That is the product I used, but didn't do as well as you.  Mine came up in big thick chunks.  I wondered if I had put it on too thick.  I never saw so many cracks as I got after using this product.  
I did like the way it went on.   Looked like a bucket of gel that melted as soon as I started to spread it around.


----------



## milleo (Jul 17, 2012)

save$ said:


> That is the product I used, but didn't do as well as you. Mine came up in big thick chunks. I wondered if I had put it on too thick. I never saw so many cracks as I got after using this product.
> I did like the way it went on. Looked like a bucket of gel that melted as soon as I started to spread it around.


Mine said "No Stir" but I had to stir the crap out of it. And no I didn't put it on thick...You did all the prep work and I only swept mine off....I got Lucky?


----------



## Eatonpcat (Jul 17, 2012)

DexterDay said:


> Keeping it coated also keeps it looking new and protecting the minor cracks from getting to large...
> 
> My driveway is almost a "grey" now. Where it looks black and brand new after coating.
> 
> ...


 
Told you yer gettin' lazy Mad Dog!


----------



## btuser (Jul 17, 2012)

save$ said:


> That is the product I used, but didn't do as well as you. Mine came up in big thick chunks. I wondered if I had put it on too thick. I never saw so many cracks as I got after using this product.
> I did like the way it went on. Looked like a bucket of gel that melted as soon as I started to spread it around.


 

A couple reasons it may have come up. You may have put it down too thick (it's a lot like paint) so when it dried it cracked and didn't really bond with the pavement but flaked itself off. I'm not sure, but I think it also matters what else you've put down, so if you've sealed over coal-tar vs asphalt you may get a bonding issue.

It makes it look pretty, and will seal minor cracks. But if you've got cracks it's because the base has shifted not because the top has worn out.


----------



## save$ (Jul 17, 2012)

btuser said:


> A couple reasons it may have come up. You may have put it down too thick (it's a lot like paint) so when it dried it cracked and didn't really bond with the pavement but flaked itself off.
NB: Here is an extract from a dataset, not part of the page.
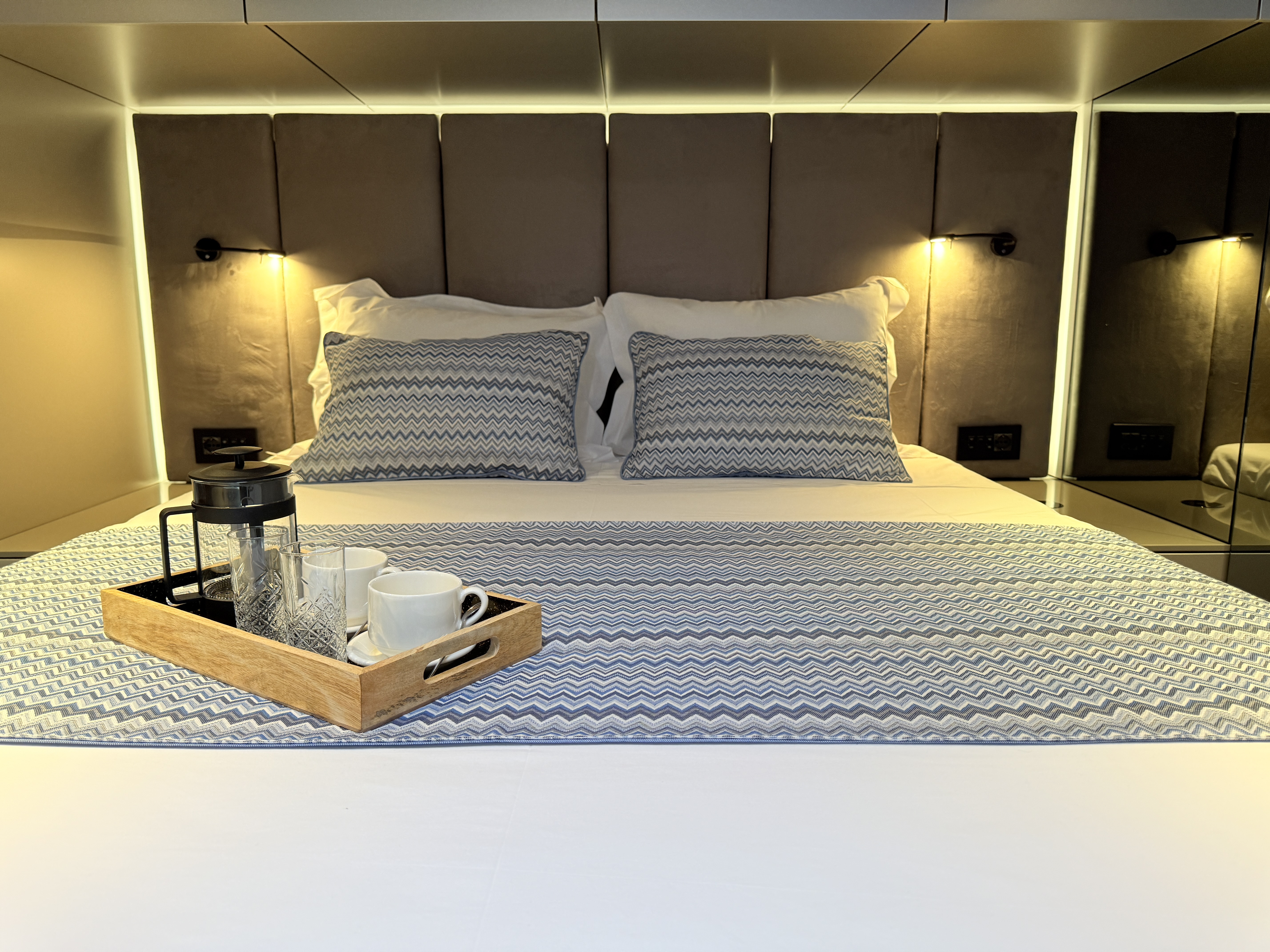 SERENITY accommodates up to eight guests in its intelligently designed and spacious 4-cabin layout.

I'm not sure, but I think it also matters what else you've put down, so if you've sealed over coal-tar vs asphalt you may get a bonding issue.
> 
> It makes it look pretty, and will seal minor cracks. But if you've got cracks it's because the base has shifted not because the top has worn out.


The original was HD's basic grade (1 of 3).  I bought the next grade up, the "airport" grade.  I think it went on too thick.  When it dried, it had hundreds of  surface cracks.   
After I pressure clean it this time, I am going to use a thiner product.   I would be better off with two thin layers.  live and learn.   I've collected my share of bumps along the way.


----------



## save$ (Jul 19, 2012)

Went to Lowes, got the basic grade.  Read a lot of reviews,  the sum of it was not to waste your money on the super grades. After the failure of the expensive stuff, why not get the same stuff the contractors use.  Did the prep,  pressure wash,  did all the edging. Filled the cracks.  Then the wife and I put down 7 of those 5 gallon buckets. This stuff didn't stink anywhere near so bad as the last stuff did.  Says two coats, but I will be planning on everyother year, so one coat is fine with me.  If you take your time, even an old over weight geezer like me can do it.   I saved nearly $200 by doing it ourselves.


----------



## DexterDay (Jul 19, 2012)

save$ said:


> Went to Lowes, got the basic grade.  Read a lot of reviews,  the sum of it was not to waste your money on the super grades. After the failure of the expensive stuff, why not get the same stuff the contractors use.  Did the prep,  pressure wash,  did all the edging. Filled the cracks.  Then the wife and I put down 7 of those 5 gallon buckets. This stuff didn't stink anywhere near so bad as the last stuff did.  Says two coats, but I will be planning on everyother year, so one coat is fine with me.  If you take your time, even an old over weight geezer like me can do it.   I saved nearly $200 by doing it ourselves.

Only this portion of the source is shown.